In 1942, Giáp and about forty men moved back into Vietnam and established themselves in remote caves near the village of Vu Nhai. This and similar small groups in the mountains were the basis of the Viet Minh, the armed wing of the Vietnam Independence League. The local Nùng people spoke little Vietnamese, so Giáp and his colleagues had to learn local dialects and draw pictures to communicate. When Vichy security patrols approached, they would conceal themselves in a cave under a waterfall, or, at times, in the lands of the Man Trang people.

For the next few years he and his comrades worked steadily to build up a small military force and to win local people over to the communist cause. By the end of 1943 several hundred men and women had joined the Viet Minh. It was in the summer of 1943 that Giáp was told that his wife had been beaten to death by guards in the central prison in Hanoi.
Her sister was guillotined.

In September 1944 the first Revolutionary Party Military Conference was held and it was agreed that the time was now right to take the military struggle forward into a new phase. The formation of the Vietnam Liberation army was proclaimed, with Giáp as its commander. Ho Chi Minh directed him to establish Armed Propaganda Brigades and the first one, consisting of thirty-one men and three women, was formed in December 1944. Named the Tran Hung Dao Platoon after the great Vietnamese hero, it was armed with two revolvers, seventeen rifles, one light machine gun, and fourteen breech-loading flintlocks dating from the Russo-Japanese War.
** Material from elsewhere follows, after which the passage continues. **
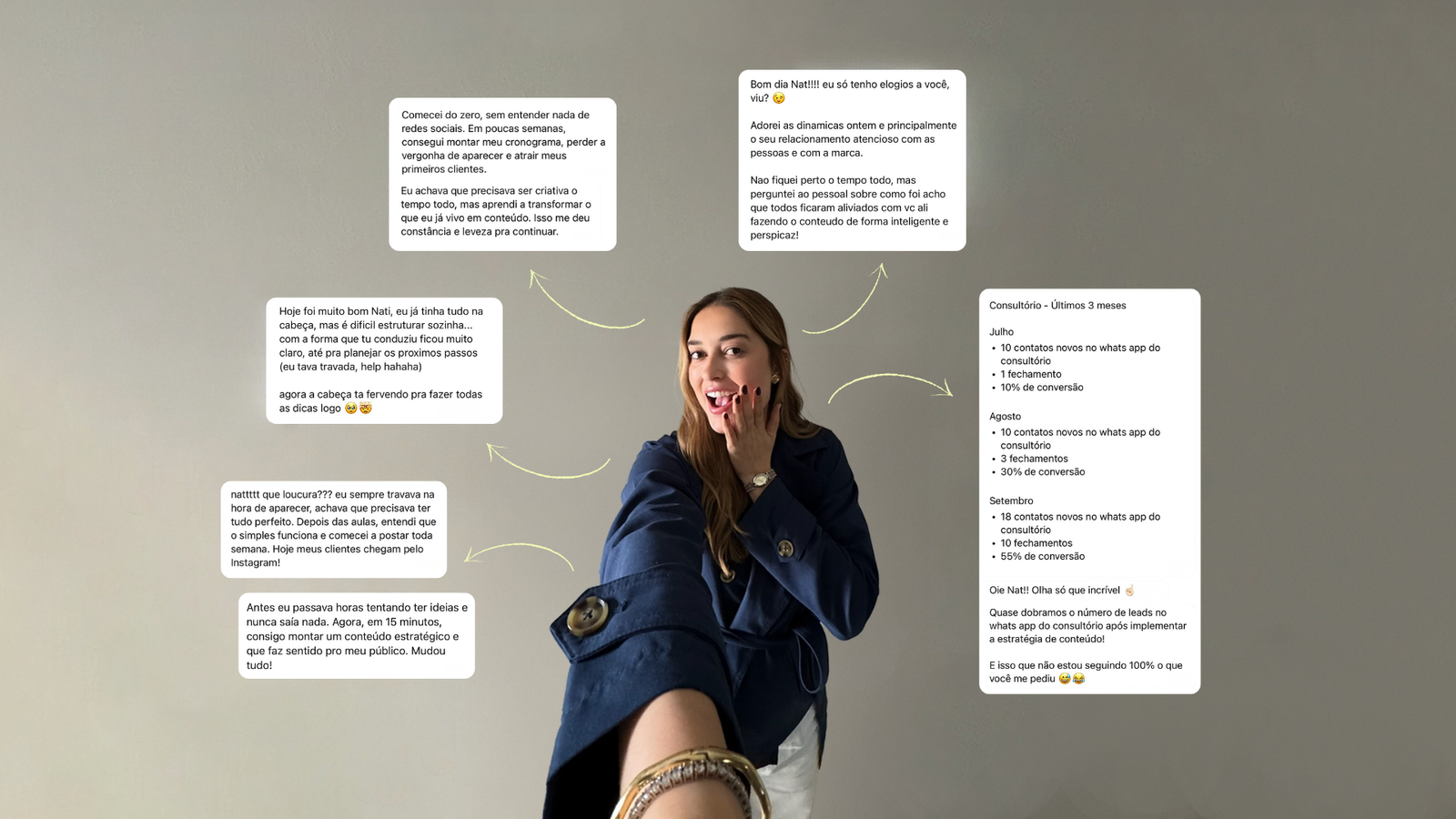Além disso, ajudo pessoas físicas que desejam começar a produzir conteúdo ou que já produzem, mas precisam de mais organização, direcionamento e senso estético.

Ho Chi Minh decided that for propaganda purposes, the Armed Propaganda Unit had to win a military victory within a month of being established, so on 25 December 1944 Giáp led successful attacks against French outposts in the Battles of Khai Phat and Na Ngan. Two French lieutenants were killed and the Vietnamese soldiers in the outposts surrendered. The Viet Minh attackers suffered no casualties. A few weeks later, Giáp was wounded in the leg when his group attacked another outpost at Dong Mu.

Through the first half of 1945, Giáp's military position strengthened as the political position of the French and Japanese weakened. On 9 March the Japanese removed the titular French regime and placed the emperor Bảo Đại at the head of a puppet state, the Empire of Vietnam.

By April the Viet Minh had nearly five thousand members, and was able to attack Japanese posts with confidence. Between May and August 1945, the United States, keen to support anti-Japanese forces in mainland Asia, actively supplied and trained Giáp and the Viet Minh. Major Archimedes Patti, in charge of the so-called 'Deer Team' unit, taught the Viet Minh to use flamethrowers, grenade launchers and machine guns.

In a single month they succeeded in training around 200 hand-picked future leaders of the army they were to oppose a few decades later. Growing stronger, Giáp's forces took more territory and captured more towns up until the announcement on 15 August by the Japanese Emperor of his country's unconditional surrender to the allies.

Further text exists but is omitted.